# adoption and pets



## karenuk (Aug 17, 2003)

hi
have any of you got pets and gone through adoption,we have a westie and she is a lovely dog but go,s mad when anyone comes to the door and she has a loud bark,so really worried when we  have the sw to visit that she will think that she is a problem and that will end our adoption journey right there.
We do already have a 2 year old son born after 3 ivf attempts using egg donation,so hopefully sw will see our dog is ok with him many thanks 
karen


----------



## AmandaB1971 (Feb 19, 2006)

Hi Karen

I'm just gate-crashing here, I'm so I hope you dont mind!   I dont have any experience of adoption so I cant give you any concrete information, but I dont think you have anything to worry about hun.   Animals are a massive part of children's lives, they teach them to give and receive love and they teach them responsibility.  I dont know how old a child you are planning to adopt but if it is a child rather than a baby I would imagine your little westie would be a huge asset!    She will break-down barriers so much more easily than a human can!
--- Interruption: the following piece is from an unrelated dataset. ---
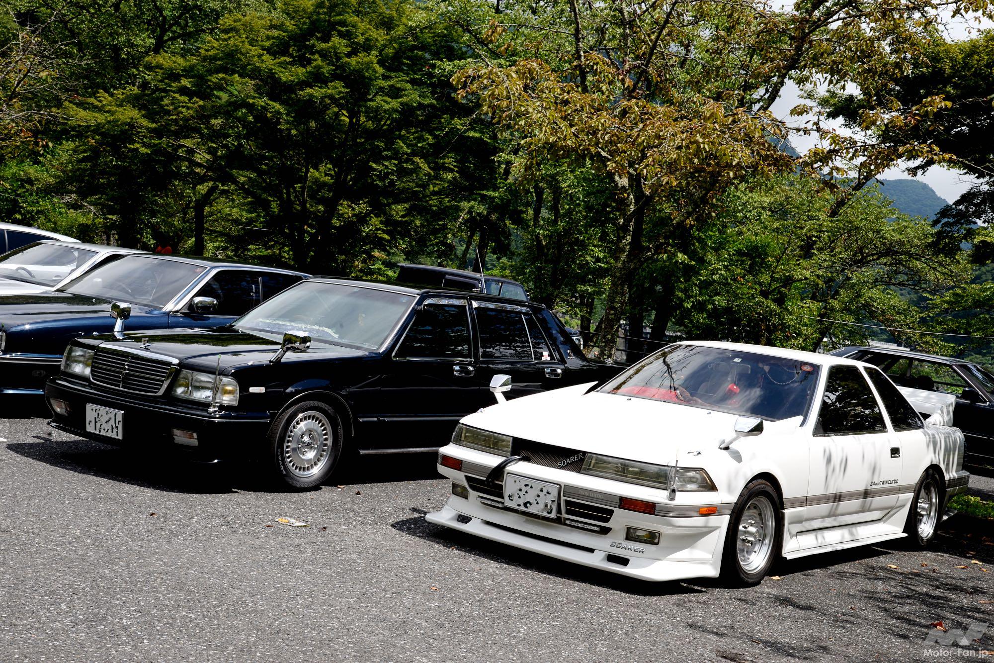 事前エントリー制のイベントだと派手な改造車は参加を断られることが多く、会場の周囲を走り回る姿が見受けられるもの。ところが東京旧車会には縛りがないため、時に画像のソアラのように派手なカスタムが施されたクルマも会場へやってくる。それとは別にフェンダーミラー姿で覆面風なセダン、Y31セドリックなどもやってくるから面白いもの。全く相容れないように思える2台だが、このソアラはさりげなくフェンダーミラー仕様にされている。こんな視点で居並ぶ旧車を見ると新たな発見があるかもしれない。

Try not to worry hun, I'm sure once the sw sees how much your son loves her and that she settles down the sw will be fine.
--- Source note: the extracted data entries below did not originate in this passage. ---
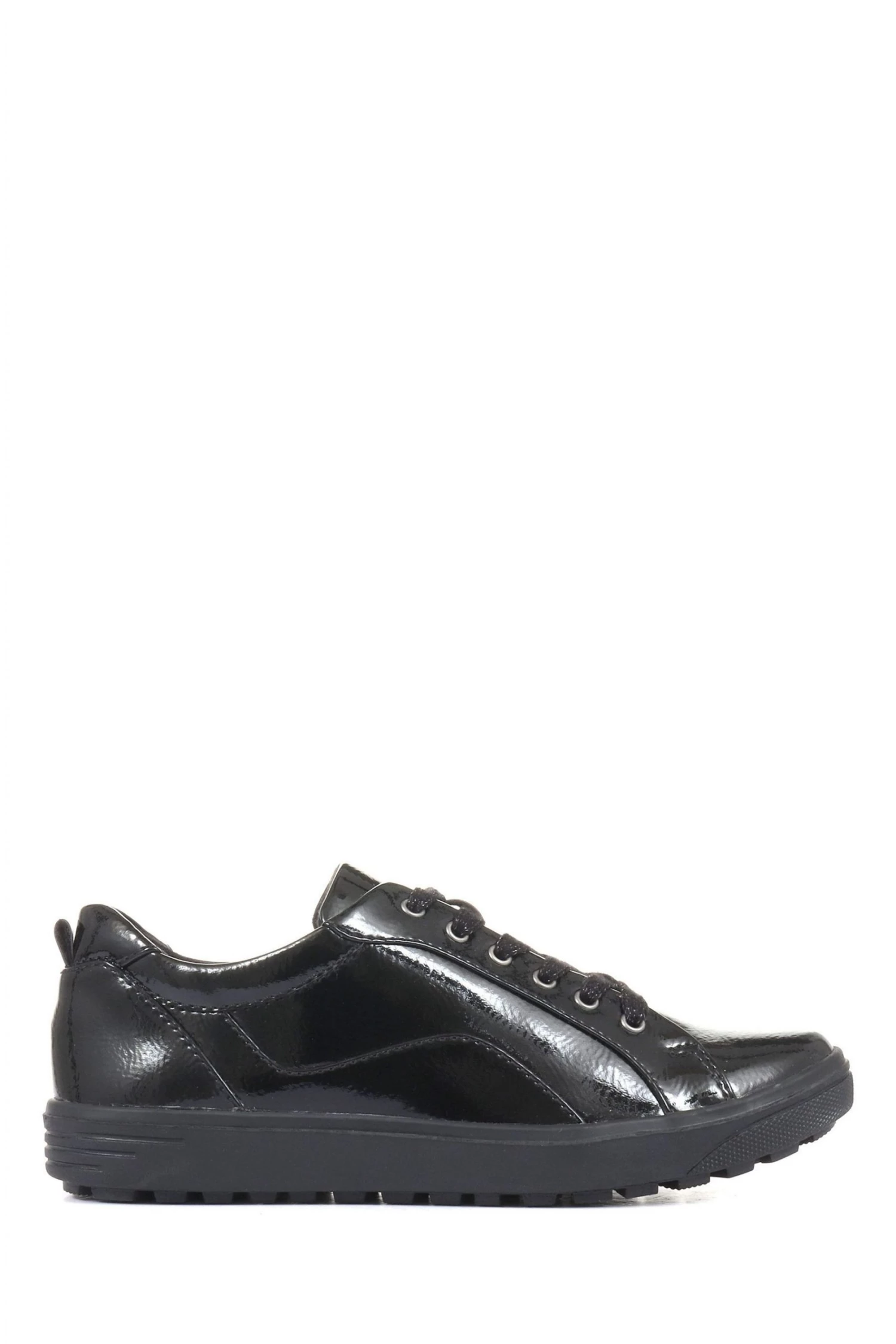 A glamorous take on the classic trainer, these ladies’ sneakers are imagined in a simple and streamlined low cut silhouette. Perfect for pairing with all of your casual looks, the elegant trainers add a touch of polish to jeans, and add a casual edge to tailored trousers. Imagined in a traditional lace-up profile, the trainers are finished with a high shine look, perfect for adding a touch of sophistication.
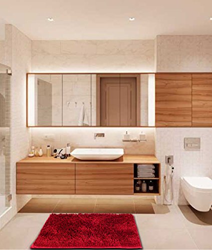 - Microfiber chenille red bathroom rugs
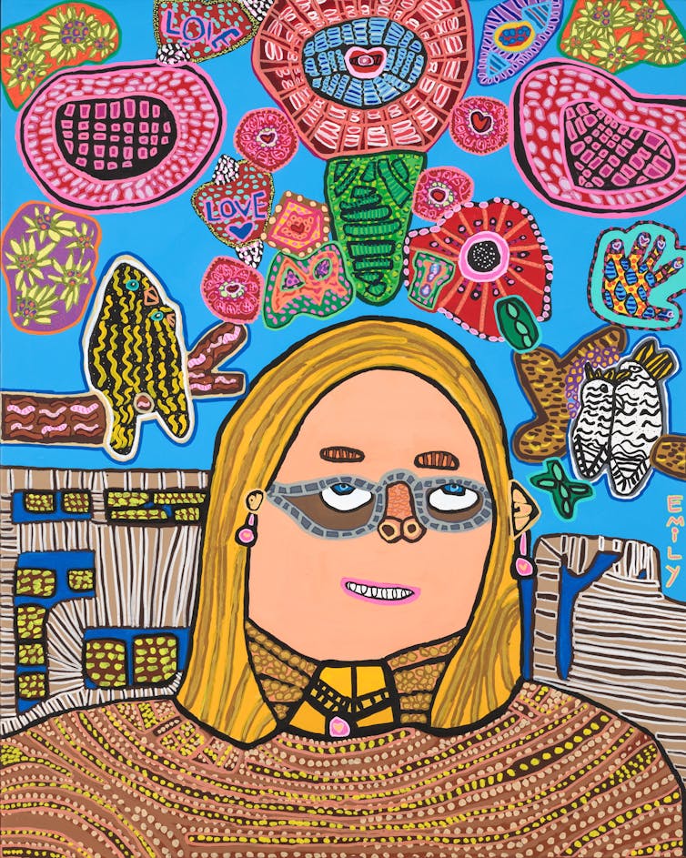 He has awarded the prize to Naomi Kantjuriny for her painting Minyma mamu tjuta, from the Tjala Arts Centre. She has described her painting as being about the stories told and her culture.

The very best of luck in your journey Hunny, I hope your dreams come true   

Amanda xxxxxx


----------



## Old Timer (Jan 23, 2005)

Hi Karen
Our LA asked aboutpets at the IV and as we have 2 cats they don't want to know anymore details.  Apparently dogs have to be 'interviewed' to make sure they are safe but I wouldn't worry about your Westie.  A lot of dogs bark when someone comes to the door and then settle down afterwards.  Yours is obviously well behaved, trusted dog otherwise you wouldn't have him with a baby/toddler around.  I'm sure if they could, my cats would bark at the door, instead they just run for cover or fly out the cat flap!
Good luck
OT x


----------



## superal (May 27, 2005)

Hi

When we initially started out adoption journey we had two Labradors & although very well behaved and trained really well, one of them would get so excited he would jump up in the air to say hello to you! 

Our SW had a dog of her own & never said they were a problem.

We did how ever keep the dogs separate until the meetings were over and then allowed them to come and say hello.

Once we had been matched and our DS FM came to visit us she thought the size of the dogs would be a problem for DS as he was use to a small dog.  It was only ever his FM who thought the dogs were a problem and my lovely DH soon shown the FM how well behaved and well trained they were and she changed her mind! 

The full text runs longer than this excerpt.